While it is true, under the record in this case, the defendant did fail to procure the amount of insurance coverage contracted for, yet it was the plaintiff's own negligence in failing to check the amount of the policy coverage that was the proximate cause of plaintiff's loss. Code 105-603. Having the policy in its possession prior to the fire plaintiff was charged with the knowledge of the terms and conditions of the policy, namely and in particular that the policy coverage was for only $3,000 and not $7,500 as contracted for between the parties. Fields v. Goldstein, 97 Ga. App. 286 (102 SE2d 921). Consequently the plaintiff being, under the law, charged with knowing the terms and conditions of the policy, any negligence, if any, on the part of the defendant in failing to procure the amount of insurance coverage contracted for could have been avoided by the plaintiff and therefore a finding for the defendant is demanded.
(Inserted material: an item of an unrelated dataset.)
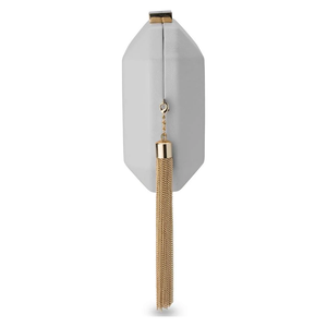 The Lia Facetted Clutch is a total wardrobe staple. Featuring a facetted, smooth vegan leather outer, an optional tassel to add a little drama at a moments notice and a roomy enough interior for all the essentials. Carry this white clutch handbag in the palm of your hand or use the optional shoulder chain to go hands free.

2. There being no genuine issue as to any material fact left to be determined in this case the trial court did not err in granting defendant's motion for summary judgment.
HALL, Judge, concurring specially. I reluctantly concur with the opinion for the reason that we are bound by the Supreme Court's affirmance ( Fields v. Goldstein, 214 Ga. 277, 104 SE2d 337) of Fields v. Goldstein, 97 Ga. App. 286, 288 (3) (102 SE2d 921). In my opinion, the better rule is that the question whether the failure to procure an adequate policy was due to the plaintiff's own negligence in not reading his policy should be submitted to the jury. The following authorities support this view: Elam v. Smithdeal Realty & Ins. Co., 182 N.C. 599 (109 SE 632); Ursini v. Goldman, 118 Conn. 554 (173 A 789); Shapiro v. Amalgamated Trust & Sav. Bank, 283 Ill. App. 243; Harris v. A. P. Nichols Invest. Co., (Mo. App.) 25 SW2d 484; Israelson v. Williams, 166 App. Div. 25 (151 NYS 679); Glisson v. Stone, 4 Tenn. App. 71; 29 ALR2d 196; 29 Am. Jur. 563, 165. As distinguishing between the liability of an insurance broker and the insurance company, see Thomas v. Funkhouser, 91 Ga. 478 (18 SE 312) and Heisley v. Allied American Mut. Fire Ins. Co., 71 Ga. App. 107, 112 (30 SE2d 285).
T. J. Long, Ben Weinberg, Jr., contra.
Fine & Rolader, A. J. Block, Jr., for plaintiff in error.